Problem statement.
Only the pictures are to be left out; please reproduce everything else in the data exactly.

Data excerpt.
Start of Block

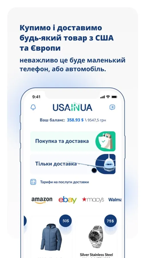 Відкрийте для себе світ захоплюючого шопінгу в США і швидку, безпечну доставку в Україну. Встановіть безкоштовний застосунок USAinUA і отримаєте знижку на перше замовлення.
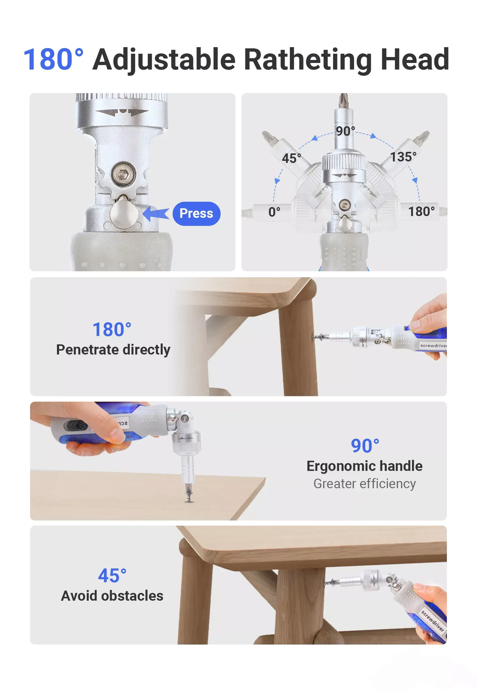180° Adjustable for Tight Space: The 180° rotation of the multi-bit screwdriver head provides users with greater convenience. This design allows easy adaptation to different angles and tight spaces when tightening or loosening screws.
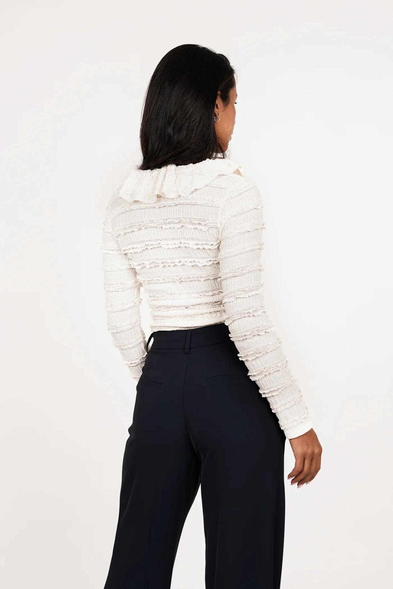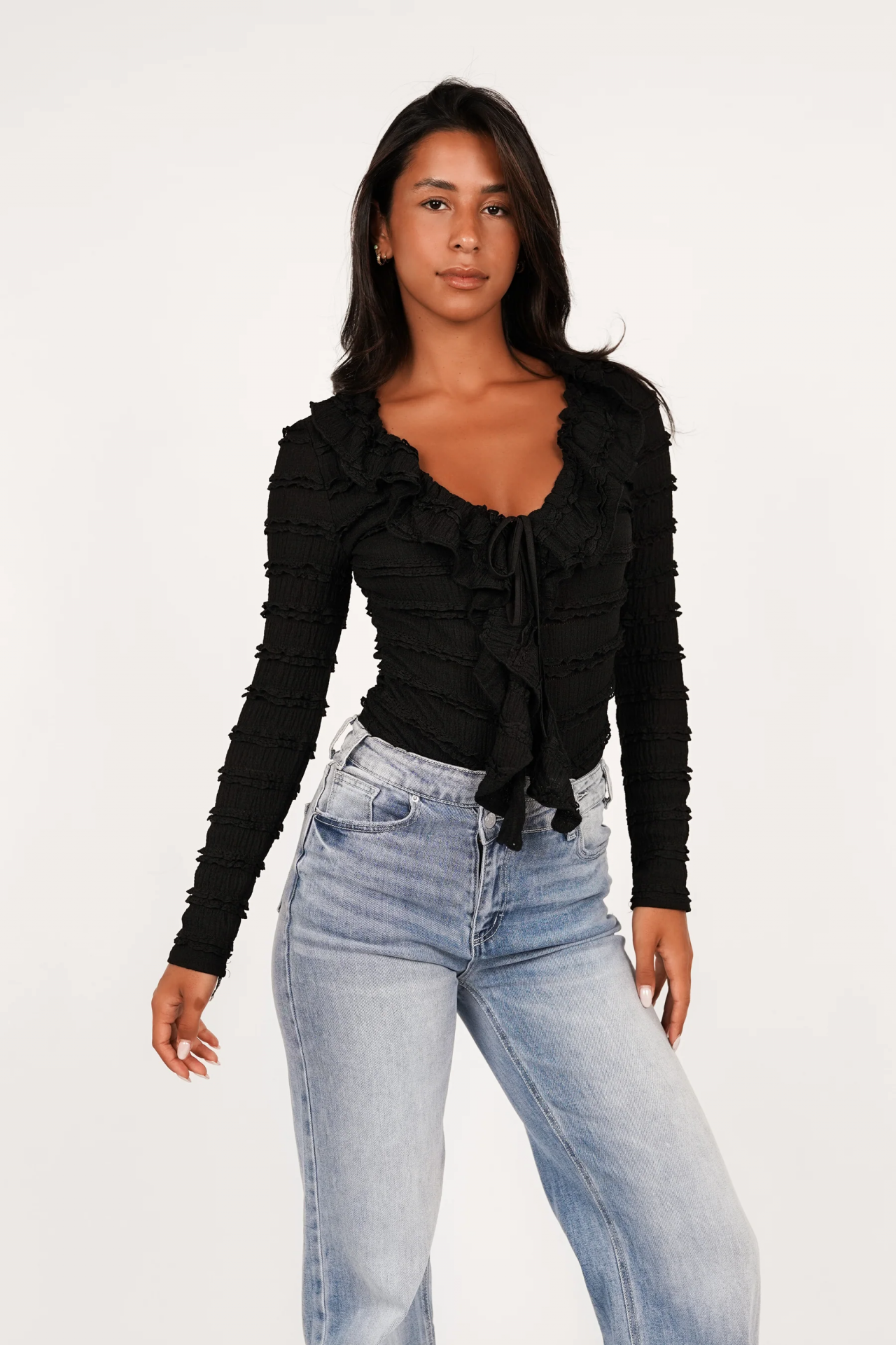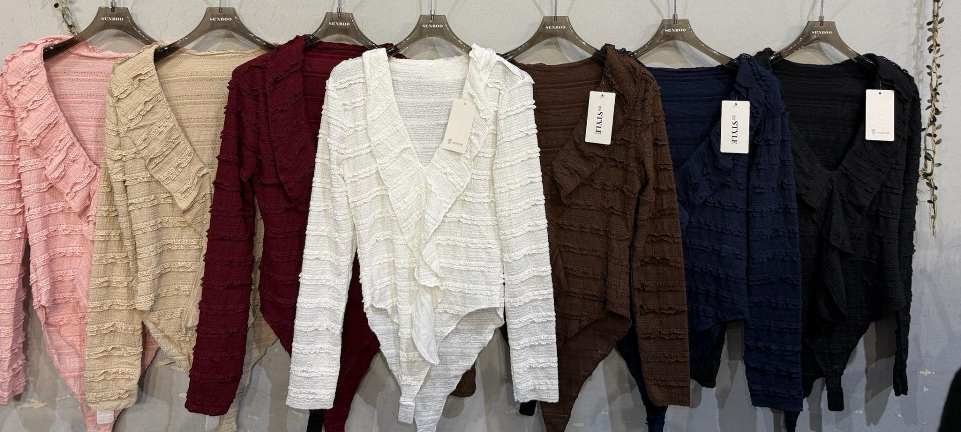 El body de volantes mujer que conquista sin esfuerzo. Su textura elástica se adapta al cuerpo y el escote con lazo añade ese toque romántico con carácter. Un básico reinventado con un sello inconfundible.

End of Block

Completed exercise.
 Відкрийте для себе світ захоплюючого шопінгу в США і швидку, безпечну доставку в Україну. Встановіть безкоштовний застосунок USAinUA і отримаєте знижку на перше замовлення.
180° Adjustable for Tight Space: The 180° rotation of the multi-bit screwdriver head provides users with greater convenience. This design allows easy adaptation to different angles and tight spaces when tightening or loosening screws.
 El body de volantes mujer que conquista sin esfuerzo. Su textura elástica se adapta al cuerpo y el escote con lazo añade ese toque romántico con carácter. Un básico reinventado con un sello inconfundible.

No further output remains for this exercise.